START Collected material

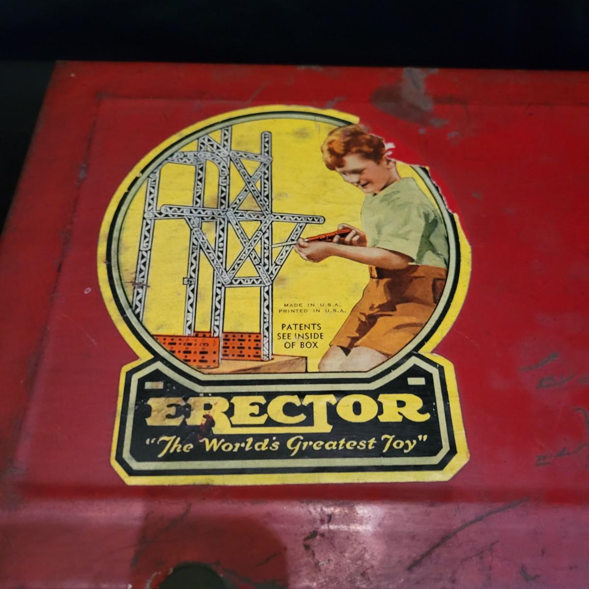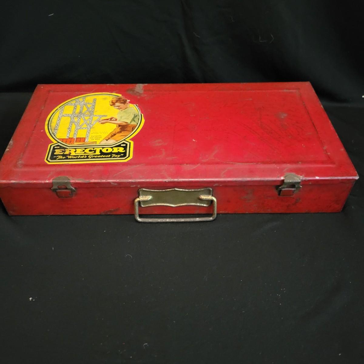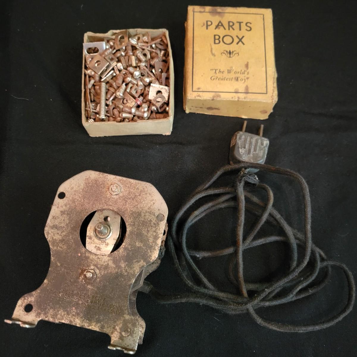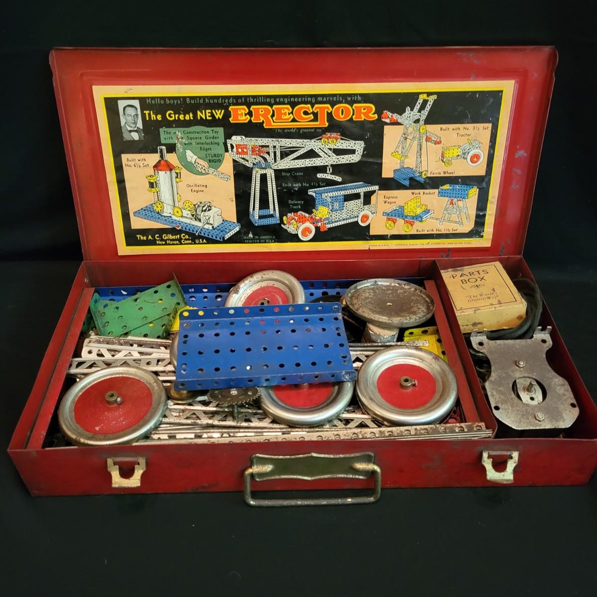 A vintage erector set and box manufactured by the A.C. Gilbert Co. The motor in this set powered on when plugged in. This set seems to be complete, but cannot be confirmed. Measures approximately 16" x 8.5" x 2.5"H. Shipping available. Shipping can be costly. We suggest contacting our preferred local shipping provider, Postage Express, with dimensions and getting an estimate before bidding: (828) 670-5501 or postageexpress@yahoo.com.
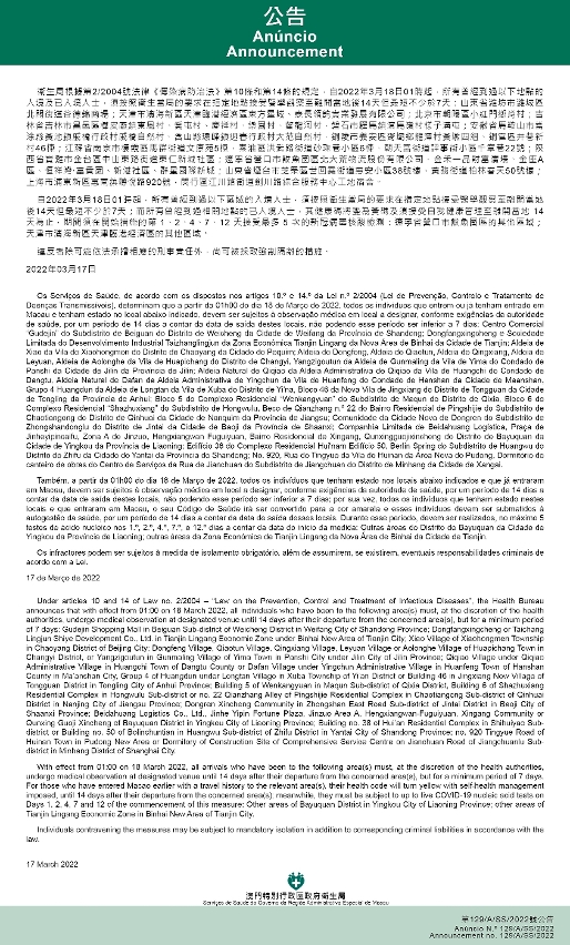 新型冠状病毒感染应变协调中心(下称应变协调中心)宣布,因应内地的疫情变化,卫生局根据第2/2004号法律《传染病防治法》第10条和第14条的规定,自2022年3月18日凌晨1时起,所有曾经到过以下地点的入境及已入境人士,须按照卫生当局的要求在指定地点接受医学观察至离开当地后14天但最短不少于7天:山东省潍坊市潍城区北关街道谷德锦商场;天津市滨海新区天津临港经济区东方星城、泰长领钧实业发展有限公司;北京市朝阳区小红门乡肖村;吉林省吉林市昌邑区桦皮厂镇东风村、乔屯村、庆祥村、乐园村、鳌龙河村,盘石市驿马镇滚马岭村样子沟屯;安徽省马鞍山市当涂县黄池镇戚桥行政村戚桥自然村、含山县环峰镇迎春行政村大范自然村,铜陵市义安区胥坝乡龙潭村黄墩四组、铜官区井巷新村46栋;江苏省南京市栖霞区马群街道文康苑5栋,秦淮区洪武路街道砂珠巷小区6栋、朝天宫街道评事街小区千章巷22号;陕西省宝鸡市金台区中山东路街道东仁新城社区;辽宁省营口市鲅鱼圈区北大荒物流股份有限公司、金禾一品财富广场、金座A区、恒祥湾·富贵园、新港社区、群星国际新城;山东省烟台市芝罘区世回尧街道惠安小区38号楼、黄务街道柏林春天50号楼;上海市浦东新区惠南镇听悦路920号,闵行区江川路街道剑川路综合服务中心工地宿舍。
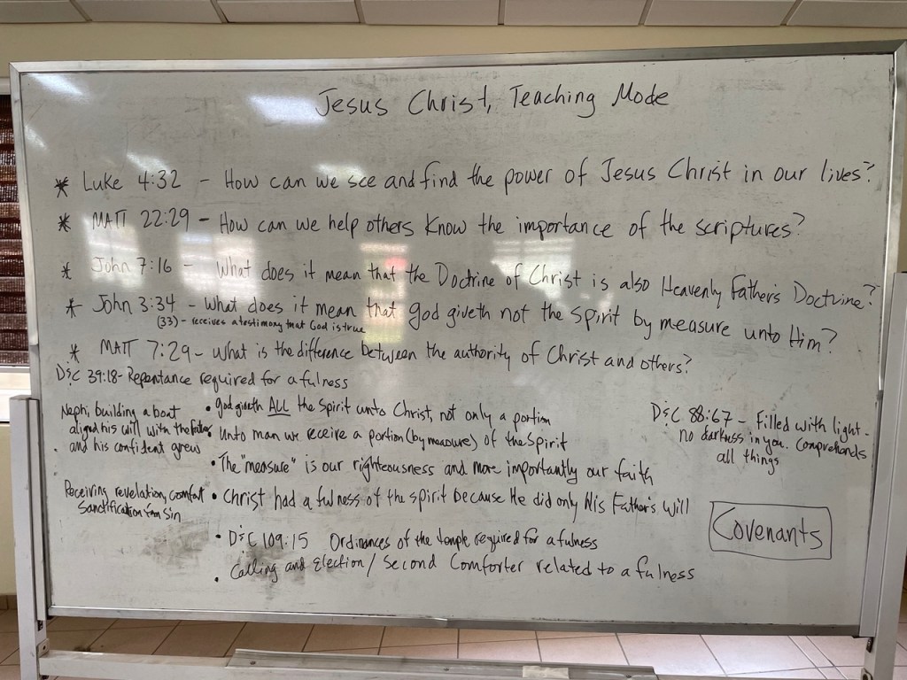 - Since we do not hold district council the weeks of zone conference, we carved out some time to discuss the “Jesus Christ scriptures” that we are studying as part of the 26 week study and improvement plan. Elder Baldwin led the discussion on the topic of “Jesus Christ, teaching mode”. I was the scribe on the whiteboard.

END Collected material

* Task description *
Reprint the data verbatim, pictures excluded.

* Solved exercise *
 A vintage erector set and box manufactured by the A.C. Gilbert Co. The motor in this set powered on when plugged in. This set seems to be complete, but cannot be confirmed. Measures approximately 16" x 8.5" x 2.5"H. Shipping available. Shipping can be costly. We suggest contacting our preferred local shipping provider, Postage Express, with dimensions and getting an estimate before bidding: (828) 670-5501 or postageexpress@yahoo.com.
 新型冠状病毒感染应变协调中心(下称应变协调中心)宣布,因应内地的疫情变化,卫生局根据第2/2004号法律《传染病防治法》第10条和第14条的规定,自2022年3月18日凌晨1时起,所有曾经到过以下地点的入境及已入境人士,须按照卫生当局的要求在指定地点接受医学观察至离开当地后14天但最短不少于7天:山东省潍坊市潍城区北关街道谷德锦商场;天津市滨海新区天津临港经济区东方星城、泰长领钧实业发展有限公司;北京市朝阳区小红门乡肖村;吉林省吉林市昌邑区桦皮厂镇东风村、乔屯村、庆祥村、乐园村、鳌龙河村,盘石市驿马镇滚马岭村样子沟屯;安徽省马鞍山市当涂县黄池镇戚桥行政村戚桥自然村、含山县环峰镇迎春行政村大范自然村,铜陵市义安区胥坝乡龙潭村黄墩四组、铜官区井巷新村46栋;江苏省南京市栖霞区马群街道文康苑5栋,秦淮区洪武路街道砂珠巷小区6栋、朝天宫街道评事街小区千章巷22号;陕西省宝鸡市金台区中山东路街道东仁新城社区;辽宁省营口市鲅鱼圈区北大荒物流股份有限公司、金禾一品财富广场、金座A区、恒祥湾·富贵园、新港社区、群星国际新城;山东省烟台市芝罘区世回尧街道惠安小区38号楼、黄务街道柏林春天50号楼;上海市浦东新区惠南镇听悦路920号,闵行区江川路街道剑川路综合服务中心工地宿舍。
 - Since we do not hold district council the weeks of zone conference, we carved out some time to discuss the “Jesus Christ scriptures” that we are studying as part of the 26 week study and improvement plan. Elder Baldwin led the discussion on the topic of “Jesus Christ, teaching mode”. I was the scribe on the whiteboard.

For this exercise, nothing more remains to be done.